#Spark Nesting Examples
This repo provides quick samples of how to handle complex types in Spark using both its API and SQL format.
It contains a sample use case of customer transactions for typical online shopping model. Creation scripts for below tables are included in the code (DataCreator.scala):
- customer_details
- customer_payments
- customer_transactions
- transaction_details
- shipment_details
Sample entries for these entities are also provided with the code base.
Code snippets in NestingExamples.scala has examples for:
- Inserting data for nested customer table with their payment information.
- Inserting data for nested transactions with shipping details
- Fetching data from above nested tables.
This application is written using Spark 2.0 with Scala 2.11. To setup and run this code on CDH cluster follow below steps:
Step 1: Upload all the csv data files included in src/main/resources on your hdfs gateway node.

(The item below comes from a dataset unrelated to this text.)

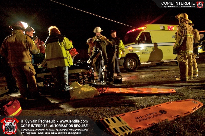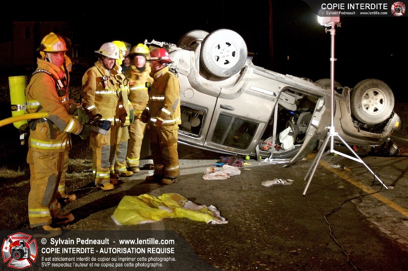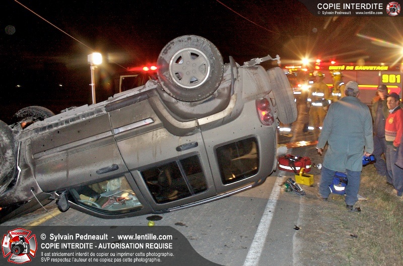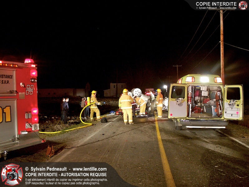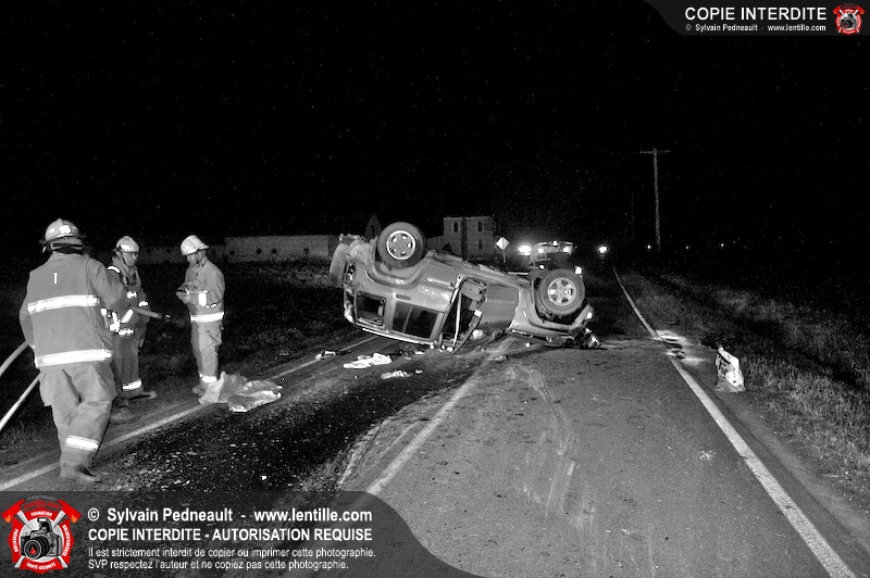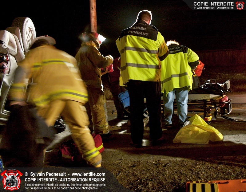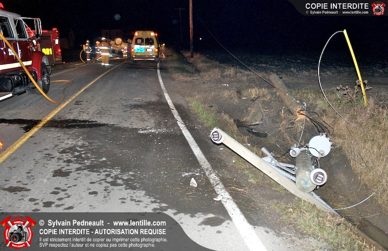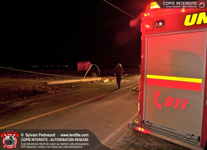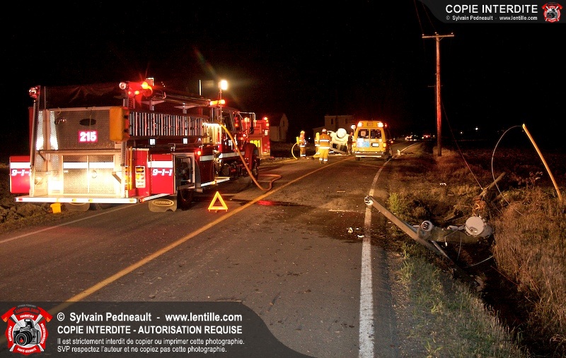 Les pompiers et les premiers répondants de St-Pie, l'unité de désincarcération de Saint-Hyacinthe, les paramédics de Saint-Hyacinthe et les policiers de la Sûreté du Québec ont convergé vers le rang St-Ours à St-Pie où un véhicule a frappé un poteau électrique et s'est retrouvé à l'envers sur la chaussée.

Step 2: Run these commands from the node
hdfs dfs -mkdir -p /data/customer_details
hdfs dfs -mkdir -p /data/customer_payments
hdfs dfs -mkdir -p /data/customer_transactions
hdfs dfs -mkdir -p /data/shipment_details
hdfs dfs -mkdir -p /data/transaction_details
hdfs dfs -put customer_details.csv /data/customer_details
hdfs dfs -put customer_payments.csv /data/customer_payments
hdfs dfs -put customer_transactions.csv /data/customer_transactions
hdfs dfs -put shipment_details.csv /data/shipment_details
hdfs dfs -put transaction_details.csv /data/transaction_details
Step 3:
Compile this code using mvn clean install command. Upload the created jar in target directory on your Spark2 client gateway.
Step 4: Sample command to run this code on CDH cluster
spark2-submit --class org.spark.nested.NestedDriver --master yarn spark-nested-1.0-SNAPSHOT.jar yarnTo run locally
Keep all data file in some local path and point all table locations in DataCreator.scala class to these paths.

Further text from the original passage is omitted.